Meiosis I refers to the first of the two divisions and is often called the reduction division. This is because it is here that the chromosome complement is reduced from diploid (two copies) to haploid (one copy). Interphase in meiosis is identical to interphase in mitosis. At this stage, there is no way to determine what type of division the cell will undergo when it divides. Meiotic division will only occur in cells associated with male or female sex organs. Prophase I is virtually identical to prophase in mitosis, involving the appearance of the chromosomes, the development of the spindle apparatus, and the breakdown of the nuclear membrane. Metaphase I is where the critical difference occurs between meiosis and mitosis. In mitosis, all of the chromosomes line up on the metaphase plate in no particular order. In Metaphase I, the chromosome pairs are aligned on either side of the metaphase plate. It is during this alignment that the chromatid arms may overlap and temporarily fuse, resulting in what is called crossovers. During Anaphase I, the spindle fibers contract, pulling the homologous pairs away from each other and toward each pole of the cell. In Telophase I, a cleavage furrow typically forms, followed by cytokinesis, the changes that occur in the cytoplasm of a cell during nuclear division; but the nuclear membrane is usually not reformed, and the chromosomes do not disappear. At the end of Telophase I, each daughter cell has a single set of chromosomes, half the total number in the original cell, that is, while the original cell was diploid; the daughter cells are now haploid.

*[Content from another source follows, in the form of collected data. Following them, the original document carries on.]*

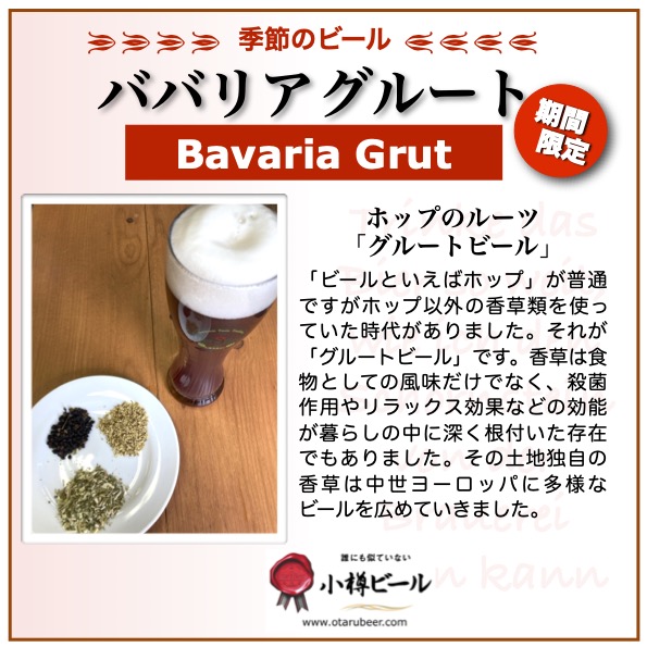 「グルートビール」1516年のビール純粋令公布以前のドイツでは、その土地に自生する様々なハーブやベリーを加えたビールが多く存在していました。ババリアグルートはヴァイスに花の香りやベリーの酸味、シトラスの風味などを加えた奥深く複雑な風味と味わい。ドイツの12世紀13世紀あたりを探索してみたくなります。(飲み放題には含まれません)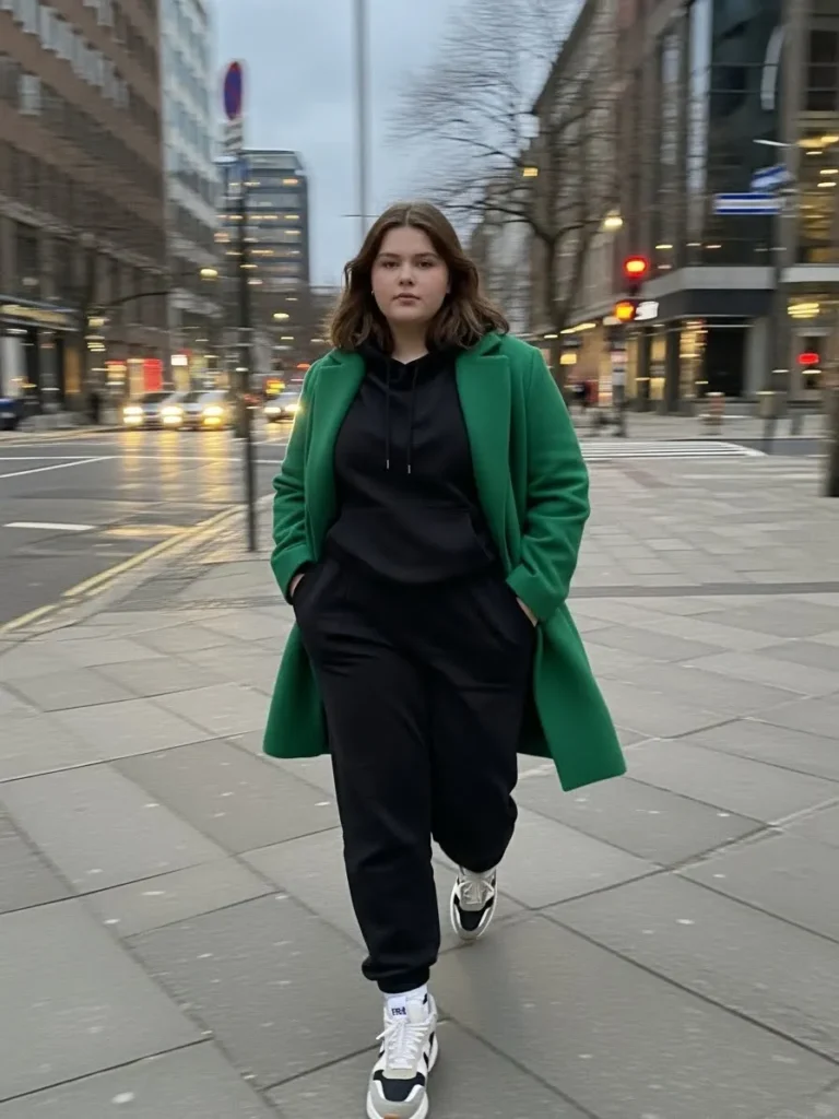 This outfit mixes casual comfort with a bold pop of color in the best way. The look starts with a sleek black hoodie paired with matching black joggers that keep everything relaxed and warm. On top sits a vibrant green coat that instantly brightens up the whole outfit and adds a polished layer without feeling too serious. Chunky white and gray sneakers keep the vibe sporty and practical for busy winter days. The overall feel is cozy, modern, and effortlessly confident.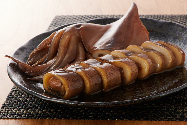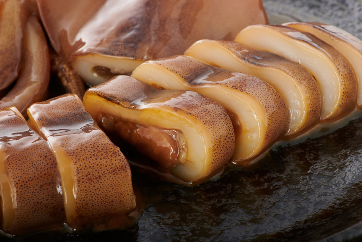 スルメイカを沖で生きたままタレに漬け込むと、身や肝の隅々まで旨味が回ります。そのため漬け込みダレも一切妥協をしていません。特に味の深みや香りの決め手となる酒冷凍技術にこだわり抜き、本物の鮮度と旨さを食卓に。

Meiosis II is quite simply a mitotic division of each of the haploid cells produced in Meiosis I. There is no Interphase between Meiosis I and Meiosis II, and the latter begins with Prophase II. At this stage, a new set of spindle fibers forms and the chromosomes begin to move toward the equator of the cell. During Metaphase II, all of the chromosomes in the two cells align with the metaphase plate. In Anaphase II, the centromeres split, and the spindle fibers shorten, drawing the chromosomes toward each pole of the cell. In Telophase II, a cleavage furrow develops, followed by cytokinesis and the formation of the nuclear membrane. The chromosomes begin to fade and are replaced by the granular chromatin, a characteristic of interphase. When Meiosis II is complete, there will be a total of four daughter cells, each with half the total number of chromosomes as the original cell. In the case of male structures, all four cells will eventually develop into sperm cells. In the case of the female life cycles in higher organisms, three of the cells will typically abort, leaving a single cell to develop into an egg cell, which is much larger than a sperm cell.